The Nikon also has a unique feature known as best shot selector (BSS). It allows you to press and hold the shutter button while it snaps off multiple photos (I usually hold the shutter button down for 5 or 6 photos with the Nikons I've owned using this feature).

When you release the shutter button, it automatically saves the sharpest photo --- probably by keeping the one with the largest file size, which indicates more detail.

It's a great way to get sharp, handheld macros, without using a tripod at slower shutter speeds.

To see lots of examples of closeups using this model, just read through the camera reviews on this site, looking at the closeups taken of camera controls, etc. Apparently, Steve Sanders (owner/editor of this site), uses a Nikon Coolpix 4500 for closeups used in his reviews. See his response to someone asking what camera he uses for this purpose in this forum thread:

Vermont Jan 14, 2004 6:43 PM

Holy crap thats a close detailed shot...thanks for posting it.


Thanks for your post and help. I am not sure if they will go for the sticker price even if reconditioned due to the warranty....and apparently the battery packs. I think they want something that AA batteries can slip into in worst case scenario (no outlets at location to recharge).

We shall see what happens. Hopefully Boss might post in this forum.

JimC Jan 14, 2004 7:07 PM

Well.. I should have mentioned the sticker price earlier. I overlooked your budget in the first post. :oops:

What size objects do you need to photograph? Most digicams do a reasonable job at macros (some better than others).
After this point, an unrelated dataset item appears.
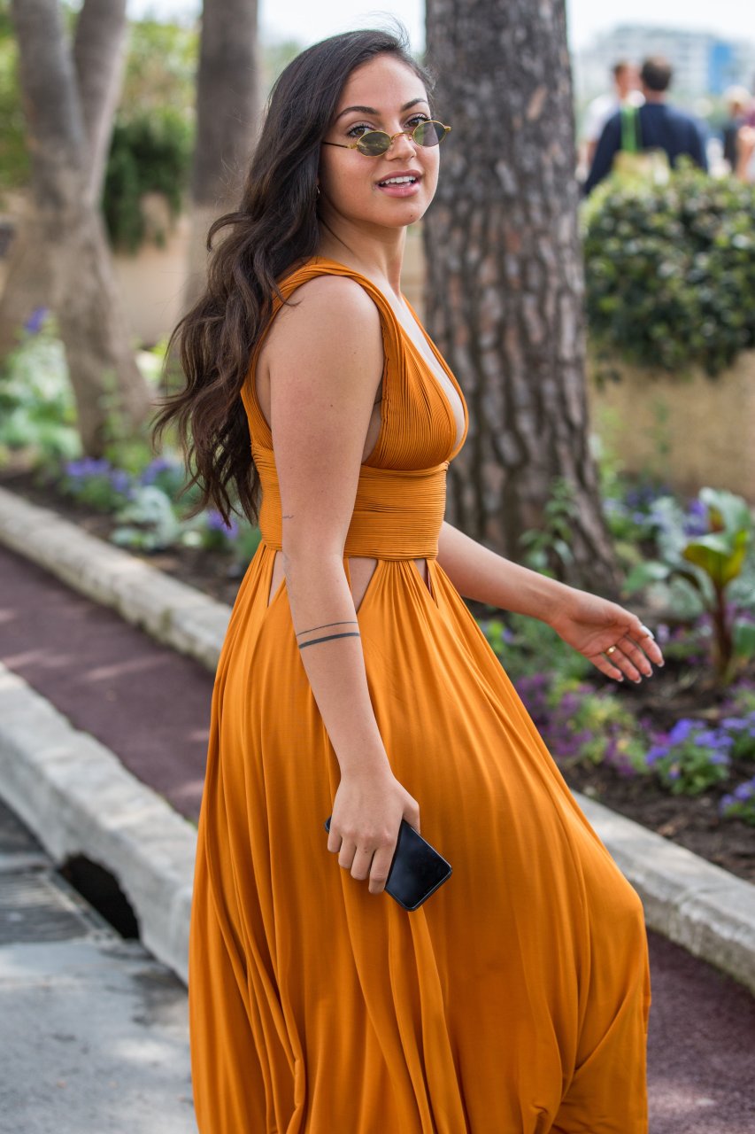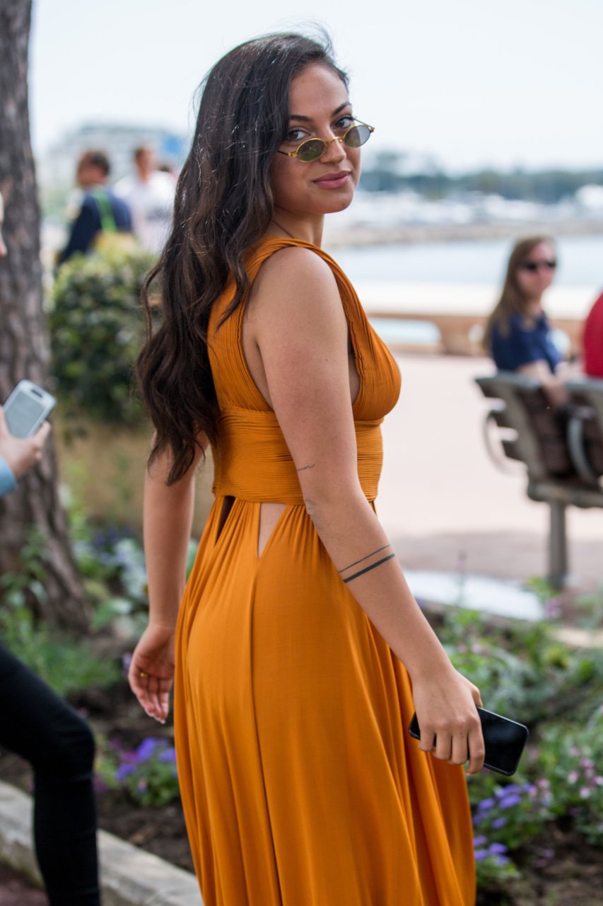 Inanna Sarkis é vista com um vestido laranja na Croisette em Cannes, França, 10/05/2018. A atriz voluptuosa, blogueira e estrela das redes sociais exibiu seu decote profundo e mandou um beijo para os paparazzi.

Depth of field limitations, barrel distortion because some can't focus as closely unless at wide angle, and glare from flash reflections requiring specialized lighting are the biggest limitations with most.

However, it you don't need to get as close (for slightly larger areas), then many cameras may "fit the bill". Give us a better idea of exactly what size parts, etc., and perhaps we can suggest some alternatives.

As far as batteries, you'll want to use rechargeable batteries, even in a model that can use AA's. You'll find that Alkalines are really only good for "emergency use" (the power requirements are just too high on most digital cameras for them to be practical).

So, if you end up getting a model that uses AA batteries, make sure to factor in the cost of a battery charger, and a couple of sets of rechargeable NiMH AA Batteries (which are pretty inexpensive anymore).

However, you'll see the same thing with Lithium Ion Batteries, too (inexpensive, provided you go with Generics versus the Manufacturers batteries).

My latest camera is the Konica KD-510z (Minolta G500). It uses a Lithium Ion Battery. However, I can find Generic spares for only $10.50 each, and have gotten well over 100 photos (mostly with flash) on a single charge with a battery.

Lithium Ion batteries also tend to hold their charge better when "on the shelf", as well as in the cold.

So, there are pros and cons to both types.

Give us a better idea of what size parts, etc., you'll need to photograph. Also, let us know what the photos will be used for (on screen only, prints, etc.). Also, if printing the photos, what size prints will be needed.

Again, if the area you want to photograph is a little larger, then many cameras may work fine. Even my lastest "Pocket Cam", the Konica KD-510z (a.k.a., Minolta G500) can do a reasonable job with closeups (of areas 2 or 3 inches across). See some macro samples from it here:

But, it can't "hold a candle" to many other models for closeups -- especially the Nikon Swivel Bodied Models.

Aviator 327 Jan 14, 2004 7:42 PM

It would be nice if Canon had a factory outlet like the Nikon Mall but I can't find anything on the Canon website about one.